Information supplied —
● ● ●

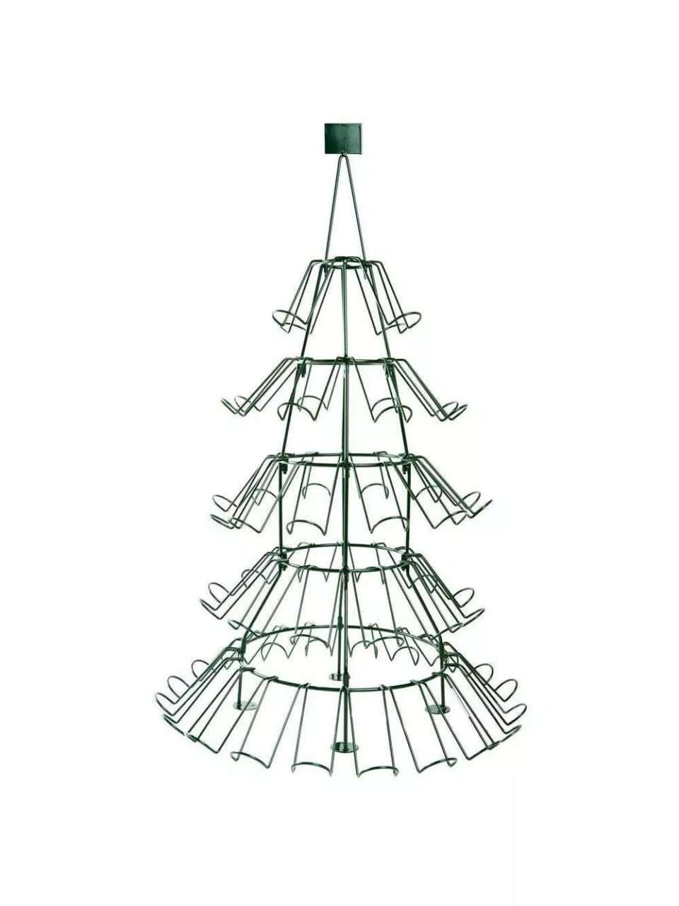 This unique, Christmas tree-shaped wine rack holds up to 60 wine bottles. The display is made of steel wiring with a lovely, dark-green coat of paint. Use to decorate your kitchen at holiday parties or place prominently by the door as a shoe rack.
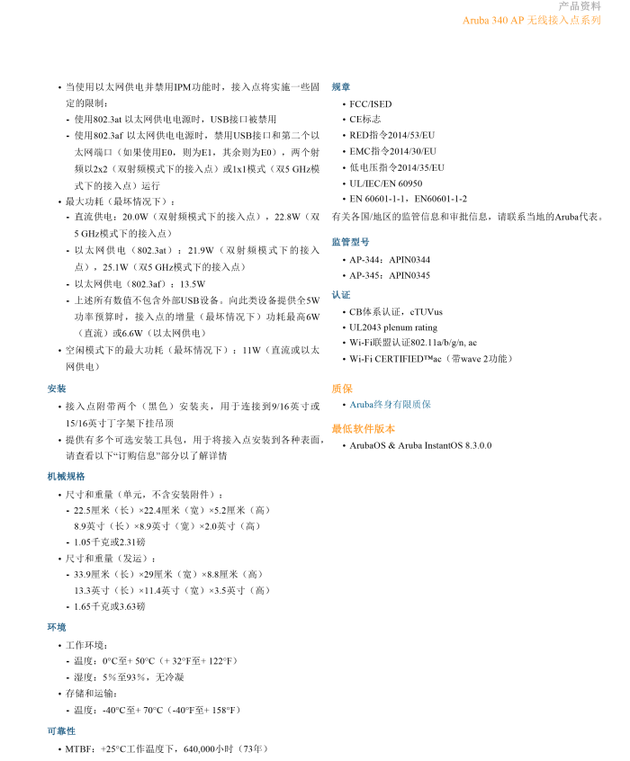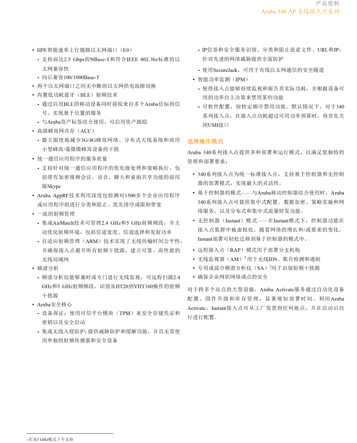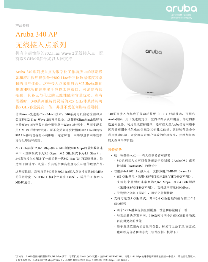 Aruba 510 系列接入點配有 802.11ax (Wi-Fi - 6),結合 Aruba 智能軟件創新技術,專門用于為任何環境下的移動和物聯網設備提供高性能連接。
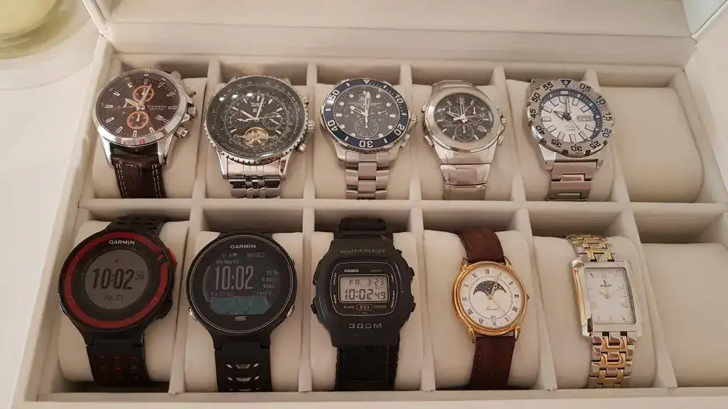 En su día me compré la caja que muestro con la idea de que 12 fuera mi límite de relojes. Me gusta disfrutar de todos ellos y me los pongo según la ocasión y la vestimenta que lleve (siempre a juego).
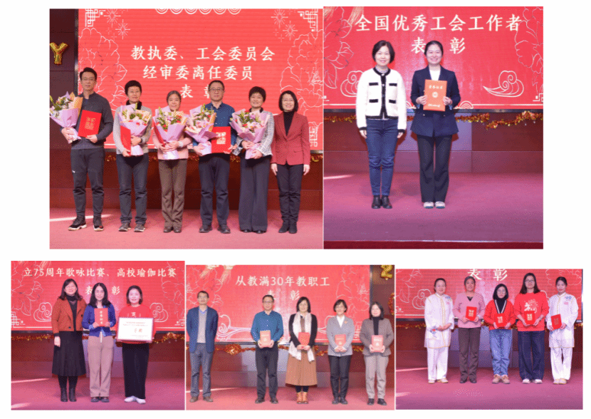 赵浩主席总结了工会2024年重点工作并为教执委、工会委员会和经审委离任委员颁奖。邢慧丽副书记、叶水平常委为全国优秀工会工作者和2024年从教满30年教职工颁奖。工会专兼职副主席陈丽君、张小红为中直机关歌咏比赛和高校瑜伽比赛获奖代表以及优秀文体社团颁奖。

● ● ●

What needs to be done —
Repeat the material above in full and unchanged, minus its images.

Response area —
 This unique, Christmas tree-shaped wine rack holds up to 60 wine bottles. The display is made of steel wiring with a lovely, dark-green coat of paint. Use to decorate your kitchen at holiday parties or place prominently by the door as a shoe rack.
 Aruba 510 系列接入點配有 802.11ax (Wi-Fi - 6),結合 Aruba 智能軟件創新技術,專門用于為任何環境下的移動和物聯網設備提供高性能連接。
 En su día me compré la caja que muestro con la idea de que 12 fuera mi límite de relojes. Me gusta disfrutar de todos ellos y me los pongo según la ocasión y la vestimenta que lleve (siempre a juego).
 赵浩主席总结了工会2024年重点工作并为教执委、工会委员会和经审委离任委员颁奖。邢慧丽副书记、叶水平常委为全国优秀工会工作者和2024年从教满30年教职工颁奖。工会专兼职副主席陈丽君、张小红为中直机关歌咏比赛和高校瑜伽比赛获奖代表以及优秀文体社团颁奖。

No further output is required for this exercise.